What is required: Nothing should appear in the answer except the lines from the one with "広島の西条という地域にあるご" through the end of the listing below, transcribed exactly and without pictures.

Dataset extract:
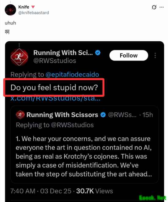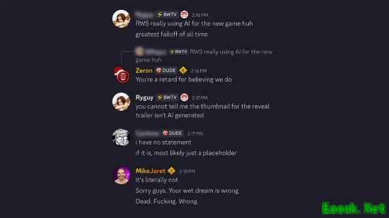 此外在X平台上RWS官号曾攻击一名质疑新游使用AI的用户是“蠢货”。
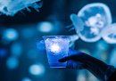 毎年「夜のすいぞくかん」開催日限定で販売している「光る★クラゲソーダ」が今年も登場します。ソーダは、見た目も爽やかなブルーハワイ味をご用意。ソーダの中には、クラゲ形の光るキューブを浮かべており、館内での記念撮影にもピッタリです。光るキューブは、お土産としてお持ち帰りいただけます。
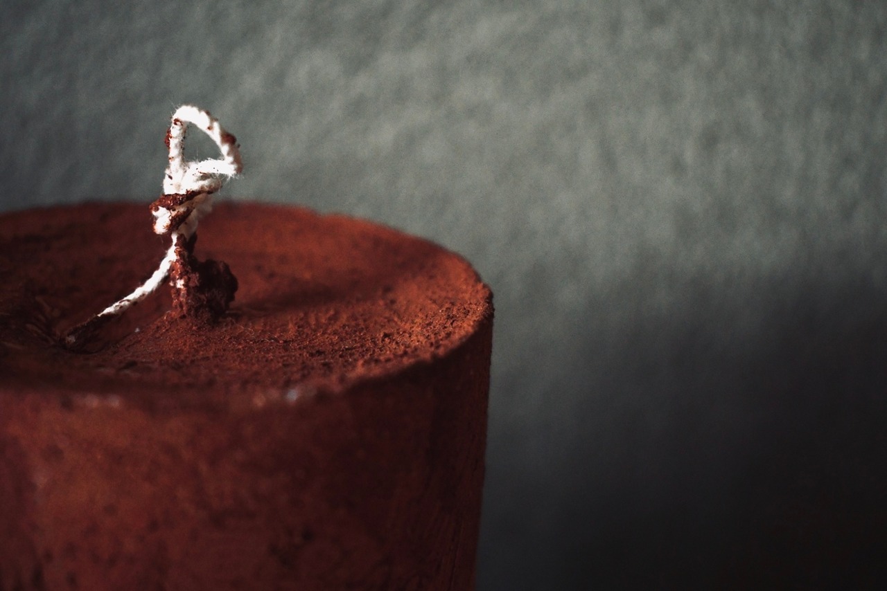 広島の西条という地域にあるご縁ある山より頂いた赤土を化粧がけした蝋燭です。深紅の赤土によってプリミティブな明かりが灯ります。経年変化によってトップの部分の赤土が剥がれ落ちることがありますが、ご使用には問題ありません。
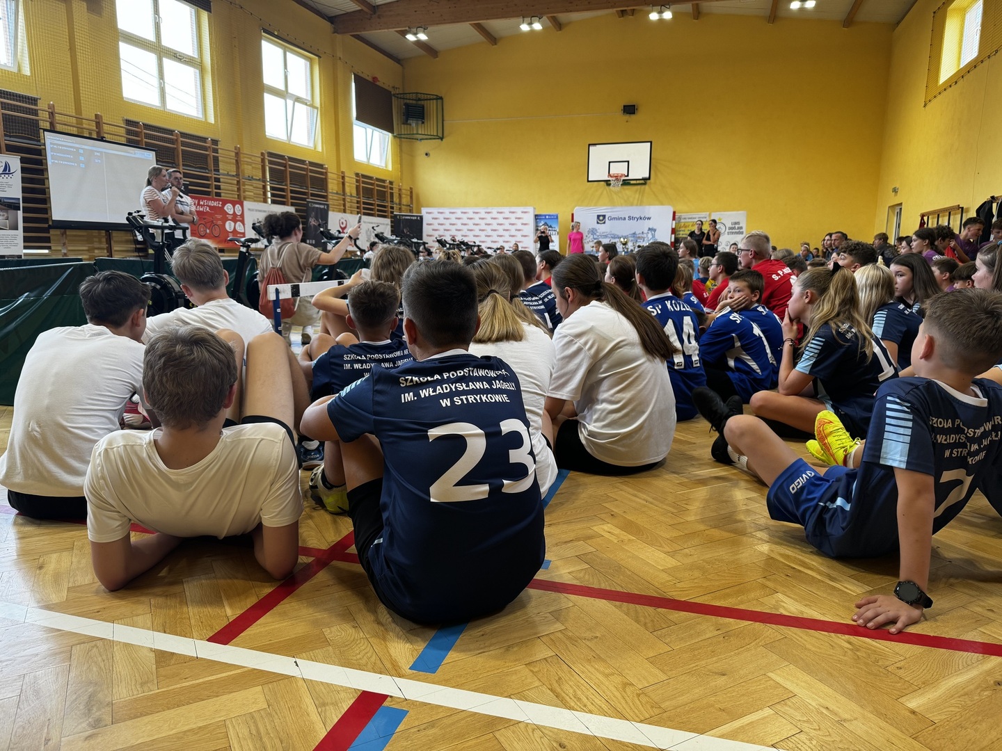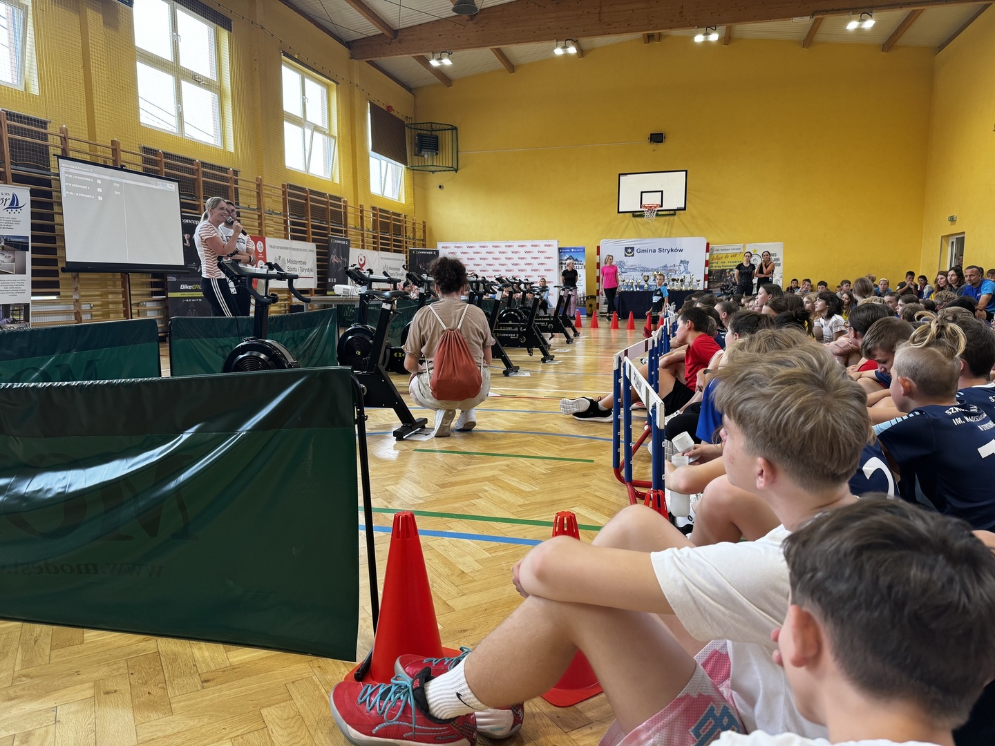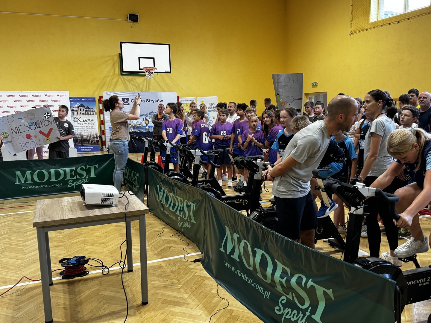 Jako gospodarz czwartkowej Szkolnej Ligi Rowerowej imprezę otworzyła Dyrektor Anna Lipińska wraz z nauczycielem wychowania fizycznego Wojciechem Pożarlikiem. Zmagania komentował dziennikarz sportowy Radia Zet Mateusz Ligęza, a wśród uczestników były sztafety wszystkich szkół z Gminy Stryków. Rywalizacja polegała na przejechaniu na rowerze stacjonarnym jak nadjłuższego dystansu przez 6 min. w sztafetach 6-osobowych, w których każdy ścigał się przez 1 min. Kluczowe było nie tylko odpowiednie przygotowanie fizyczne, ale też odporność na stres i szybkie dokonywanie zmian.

Solved exercise:
 広島の西条という地域にあるご縁ある山より頂いた赤土を化粧がけした蝋燭です。深紅の赤土によってプリミティブな明かりが灯ります。経年変化によってトップの部分の赤土が剥がれ落ちることがありますが、ご使用には問題ありません。
 Jako gospodarz czwartkowej Szkolnej Ligi Rowerowej imprezę otworzyła Dyrektor Anna Lipińska wraz z nauczycielem wychowania fizycznego Wojciechem Pożarlikiem. Zmagania komentował dziennikarz sportowy Radia Zet Mateusz Ligęza, a wśród uczestników były sztafety wszystkich szkół z Gminy Stryków. Rywalizacja polegała na przejechaniu na rowerze stacjonarnym jak nadjłuższego dystansu przez 6 min. w sztafetach 6-osobowych, w których każdy ścigał się przez 1 min. Kluczowe było nie tylko odpowiednie przygotowanie fizyczne, ale też odporność na stres i szybkie dokonywanie zmian.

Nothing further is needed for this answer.